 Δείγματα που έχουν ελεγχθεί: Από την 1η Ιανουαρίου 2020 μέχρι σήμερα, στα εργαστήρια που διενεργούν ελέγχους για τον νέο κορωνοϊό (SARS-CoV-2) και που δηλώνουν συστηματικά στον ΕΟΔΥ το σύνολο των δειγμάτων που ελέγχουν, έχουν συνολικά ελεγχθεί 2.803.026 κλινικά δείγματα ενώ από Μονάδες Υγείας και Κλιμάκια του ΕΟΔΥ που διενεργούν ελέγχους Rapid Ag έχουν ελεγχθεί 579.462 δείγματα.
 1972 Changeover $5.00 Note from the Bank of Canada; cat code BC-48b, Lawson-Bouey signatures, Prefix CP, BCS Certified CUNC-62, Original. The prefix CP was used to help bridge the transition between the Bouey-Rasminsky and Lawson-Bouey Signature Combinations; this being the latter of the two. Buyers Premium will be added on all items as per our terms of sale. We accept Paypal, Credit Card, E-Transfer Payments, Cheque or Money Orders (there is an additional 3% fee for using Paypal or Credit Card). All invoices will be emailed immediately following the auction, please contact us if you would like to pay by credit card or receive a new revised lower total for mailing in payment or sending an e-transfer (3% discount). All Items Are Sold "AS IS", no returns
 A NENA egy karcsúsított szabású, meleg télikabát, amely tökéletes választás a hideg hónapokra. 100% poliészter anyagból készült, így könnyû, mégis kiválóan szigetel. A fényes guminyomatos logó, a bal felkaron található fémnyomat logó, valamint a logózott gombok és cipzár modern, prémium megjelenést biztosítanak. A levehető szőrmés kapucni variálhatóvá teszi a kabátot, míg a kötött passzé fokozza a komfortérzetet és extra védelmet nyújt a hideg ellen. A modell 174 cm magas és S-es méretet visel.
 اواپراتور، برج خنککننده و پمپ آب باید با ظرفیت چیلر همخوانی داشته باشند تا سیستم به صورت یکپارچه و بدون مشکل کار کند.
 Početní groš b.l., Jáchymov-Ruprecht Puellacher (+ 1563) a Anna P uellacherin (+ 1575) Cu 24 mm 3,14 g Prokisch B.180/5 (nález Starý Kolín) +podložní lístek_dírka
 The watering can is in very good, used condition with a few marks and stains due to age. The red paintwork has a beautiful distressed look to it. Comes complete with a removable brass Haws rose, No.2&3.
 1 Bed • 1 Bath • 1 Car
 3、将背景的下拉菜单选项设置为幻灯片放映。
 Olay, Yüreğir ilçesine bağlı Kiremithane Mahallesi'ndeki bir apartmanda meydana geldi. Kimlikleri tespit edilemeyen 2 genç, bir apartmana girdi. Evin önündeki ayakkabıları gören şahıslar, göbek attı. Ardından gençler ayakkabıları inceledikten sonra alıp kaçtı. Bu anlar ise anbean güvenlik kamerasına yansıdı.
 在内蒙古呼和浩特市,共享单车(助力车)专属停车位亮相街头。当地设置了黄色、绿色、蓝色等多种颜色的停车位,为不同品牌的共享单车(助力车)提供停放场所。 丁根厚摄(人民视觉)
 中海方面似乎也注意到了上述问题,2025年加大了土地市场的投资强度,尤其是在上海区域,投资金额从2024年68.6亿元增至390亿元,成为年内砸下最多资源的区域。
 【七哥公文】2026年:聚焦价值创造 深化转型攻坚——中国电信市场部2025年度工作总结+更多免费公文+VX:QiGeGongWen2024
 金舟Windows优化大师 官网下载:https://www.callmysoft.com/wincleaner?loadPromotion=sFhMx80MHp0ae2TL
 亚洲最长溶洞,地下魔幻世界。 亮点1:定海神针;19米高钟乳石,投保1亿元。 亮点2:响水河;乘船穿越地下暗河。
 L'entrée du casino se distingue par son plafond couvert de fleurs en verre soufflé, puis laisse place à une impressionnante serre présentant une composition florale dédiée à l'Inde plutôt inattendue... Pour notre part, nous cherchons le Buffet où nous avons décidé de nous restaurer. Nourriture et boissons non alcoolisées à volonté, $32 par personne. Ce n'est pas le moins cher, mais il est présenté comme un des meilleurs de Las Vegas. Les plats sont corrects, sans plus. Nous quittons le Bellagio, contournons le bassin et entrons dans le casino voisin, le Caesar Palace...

● **EXERCISE PROMPT**
Return only the lines between the one holding "اواپراتور، برج خنککننده" and the one holding "3、将背景的下拉菜单选项设置为幻灯片放映。", inclusive, exactly as they appear above.

● **SOLUTION TO THE EXERCISE**
 اواپراتور، برج خنککننده و پمپ آب باید با ظرفیت چیلر همخوانی داشته باشند تا سیستم به صورت یکپارچه و بدون مشکل کار کند.
 Početní groš b.l., Jáchymov-Ruprecht Puellacher (+ 1563) a Anna P uellacherin (+ 1575) Cu 24 mm 3,14 g Prokisch B.180/5 (nález Starý Kolín) +podložní lístek_dírka
 The watering can is in very good, used condition with a few marks and stains due to age. The red paintwork has a beautiful distressed look to it. Comes complete with a removable brass Haws rose, No.2&3.
 1 Bed • 1 Bath • 1 Car
 3、将背景的下拉菜单选项设置为幻灯片放映。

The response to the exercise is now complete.